(Entries supplied begins)

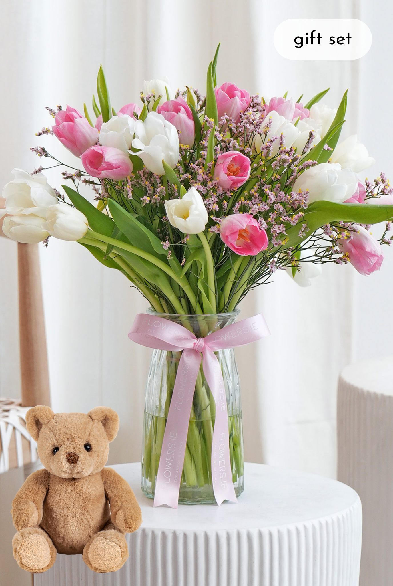 Soft, elegant, and full of charm! Our Women’s Day Pink & White Tulips - Vase is the perfect blend of beauty and grace, symbolising love and appreciation. A luxurious gift to make her day extra special!
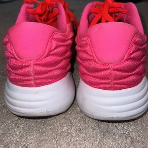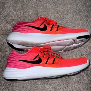 Nike Lunar Stelos Women’s Sneakers size 9.5 pink multi color. These are pre-owned and only worn a few times inside the house. Overall good condition. Comes from a smoke and pet free home.
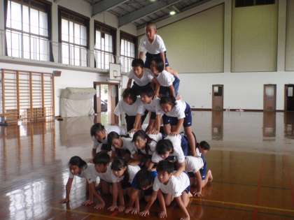 運動場が雨でぬかるんでいるために体育館で組体操の練習をしました。演技の順番や技はできてきました。これからは気持ちを盛り上げましょう。
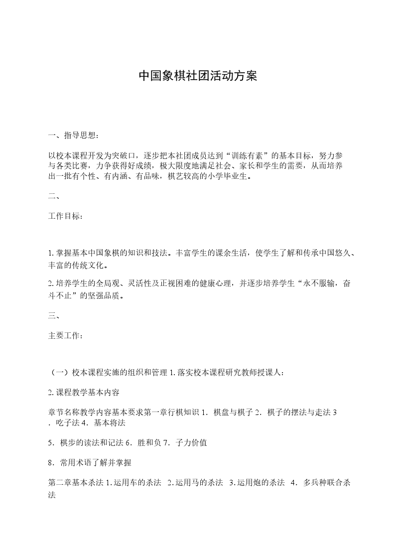 2、象棋经典文化是我国几千年历史留下的丰富的文化遗产,大部分学生对象棋兴趣非常爱好,俗话说“棋道虽小,棋品最尊”。棋,通过方寸天地的拼搏,胜败各半,胜者不骄,败者不馁。所谓“棋如人生”,学生在下棋的过程中,人生观会受到潜移默化的影响:做事要实事求是,不能弄虚作假;凡事要成功,都得付出努力,都要靠自己的真本事;下棋有输有赢,人生亦有沉浮这些道理,学生虽不能立刻明白,但对他们今后的人生道路都将产生极大的影响。、活动目标:总体目标:开发学生智力,全面提高学生文化素质。象棋因为着法多变,趣味性强,对于开发少年儿童的智力,有很好的效果。智力是一种综合能力,其核心是思X力。儿童在下棋的时候,手、眼和左、右脑同时运用,促使儿童思X受到了反复、有效的锻炼,从而增强了思X的灵活性、深刻性、敏捷性,促使智力水平得到提高。学生发展目标:培养学生的意志品质,提高学生的心理品质。象棋的内涵有其独到的教育功能。它能陶冶学生情操,培养孩子谦虚乐观的精神。良好的棋风能培养学生对问题的独立思考能力,正确地估计自己和对手;棋局的胜负可以使学生养成胜不骄、败不馁,顽强拼搏的优良品质。简言之,下棋能改变学生的性格、脾气,铸就积极奋发的向上精神,并对培养学生良好的思想道德、行为习惯,提高学校教育教学质量,有着明显的促进作用。
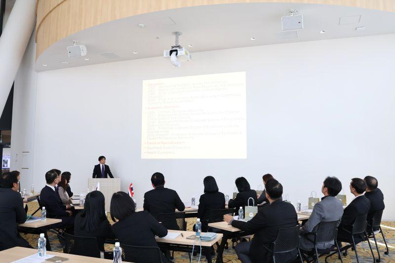 本学からは髙橋 雅英国際交流担当副学長をはじめ、タイとの学術交流において中心的な役割を担ってきた金子 勝規経済学研究科教授、永井 史男法学研究科教授が出席。また、継続的にSWUと協力関係を築いてきた看護学研究科からは、中山 美由紀研究科長、横山 美江教授も同席し、訪問団一行を温かく迎えました。
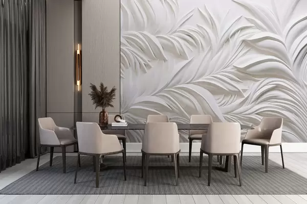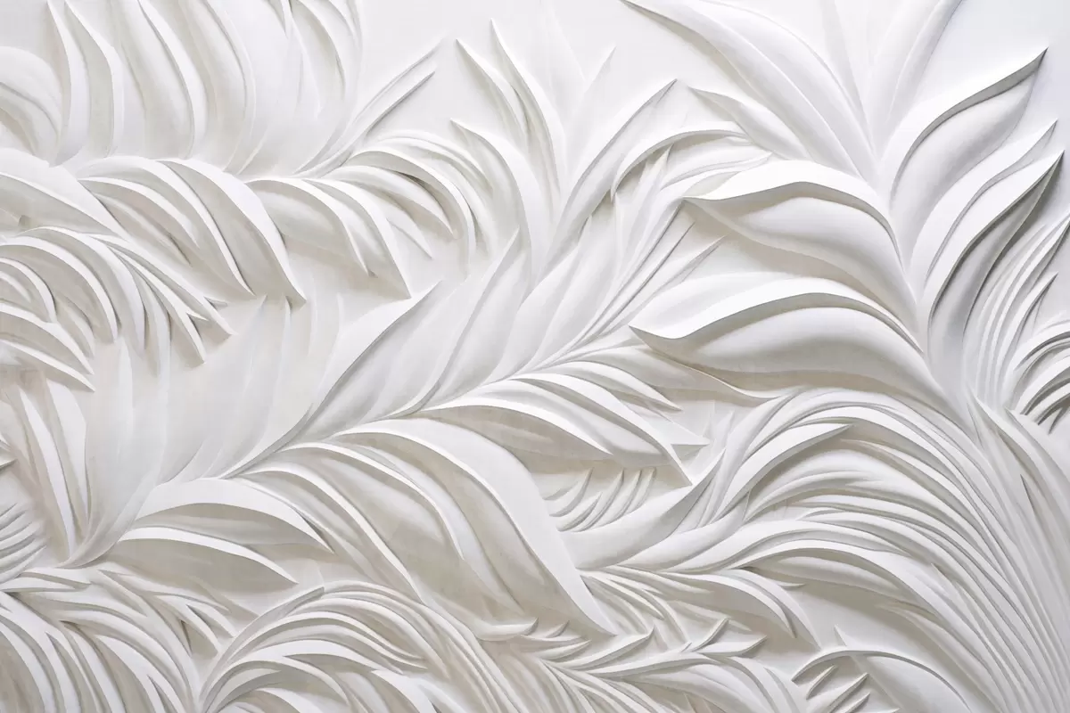 Тапете за зид Апстрактни текстурирани бели листови и цветни елементи, минималистичка естетика бр. w09378
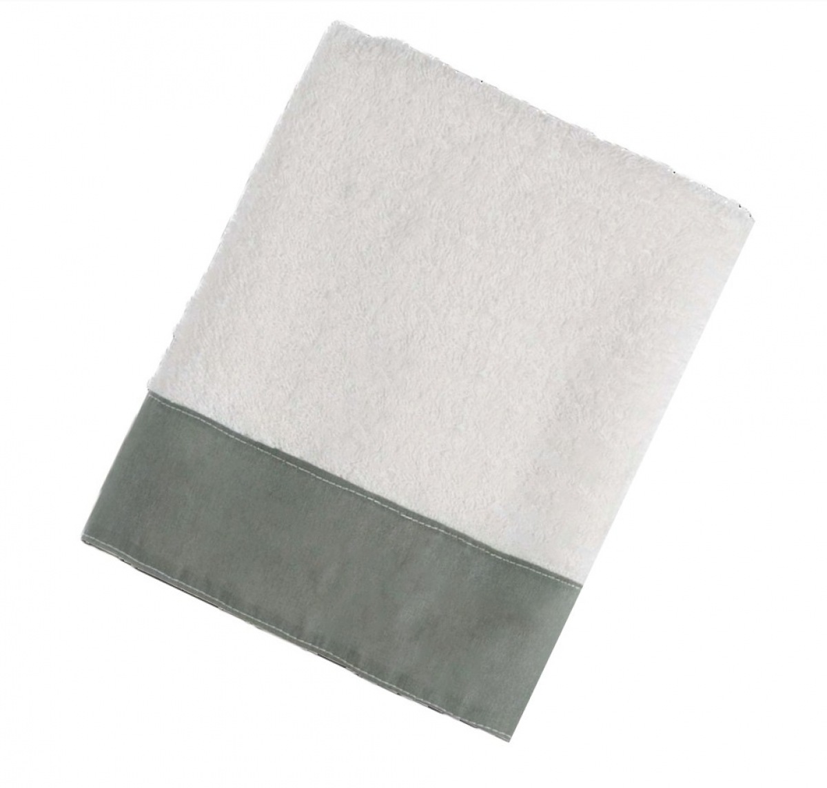 Das kleinere Handtuch hat eine unifarbene/salbei Bordüre.

(Entries supplied ends)

What you should do:
Exact reproduction of the entries above is required, with pictures excluded.

Output for this task:
 Soft, elegant, and full of charm! Our Women’s Day Pink & White Tulips - Vase is the perfect blend of beauty and grace, symbolising love and appreciation. A luxurious gift to make her day extra special!
 Nike Lunar Stelos Women’s Sneakers size 9.5 pink multi color. These are pre-owned and only worn a few times inside the house. Overall good condition. Comes from a smoke and pet free home.
 運動場が雨でぬかるんでいるために体育館で組体操の練習をしました。演技の順番や技はできてきました。これからは気持ちを盛り上げましょう。
 2、象棋经典文化是我国几千年历史留下的丰富的文化遗产,大部分学生对象棋兴趣非常爱好,俗话说“棋道虽小,棋品最尊”。棋,通过方寸天地的拼搏,胜败各半,胜者不骄,败者不馁。所谓“棋如人生”,学生在下棋的过程中,人生观会受到潜移默化的影响:做事要实事求是,不能弄虚作假;凡事要成功,都得付出努力,都要靠自己的真本事;下棋有输有赢,人生亦有沉浮这些道理,学生虽不能立刻明白,但对他们今后的人生道路都将产生极大的影响。、活动目标:总体目标:开发学生智力,全面提高学生文化素质。象棋因为着法多变,趣味性强,对于开发少年儿童的智力,有很好的效果。智力是一种综合能力,其核心是思X力。儿童在下棋的时候,手、眼和左、右脑同时运用,促使儿童思X受到了反复、有效的锻炼,从而增强了思X的灵活性、深刻性、敏捷性,促使智力水平得到提高。学生发展目标:培养学生的意志品质,提高学生的心理品质。象棋的内涵有其独到的教育功能。它能陶冶学生情操,培养孩子谦虚乐观的精神。良好的棋风能培养学生对问题的独立思考能力,正确地估计自己和对手;棋局的胜负可以使学生养成胜不骄、败不馁,顽强拼搏的优良品质。简言之,下棋能改变学生的性格、脾气,铸就积极奋发的向上精神,并对培养学生良好的思想道德、行为习惯,提高学校教育教学质量,有着明显的促进作用。
 本学からは髙橋 雅英国際交流担当副学長をはじめ、タイとの学術交流において中心的な役割を担ってきた金子 勝規経済学研究科教授、永井 史男法学研究科教授が出席。また、継続的にSWUと協力関係を築いてきた看護学研究科からは、中山 美由紀研究科長、横山 美江教授も同席し、訪問団一行を温かく迎えました。
 Тапете за зид Апстрактни текстурирани бели листови и цветни елементи, минималистичка естетика бр. w09378
 Das kleinere Handtuch hat eine unifarbene/salbei Bordüre.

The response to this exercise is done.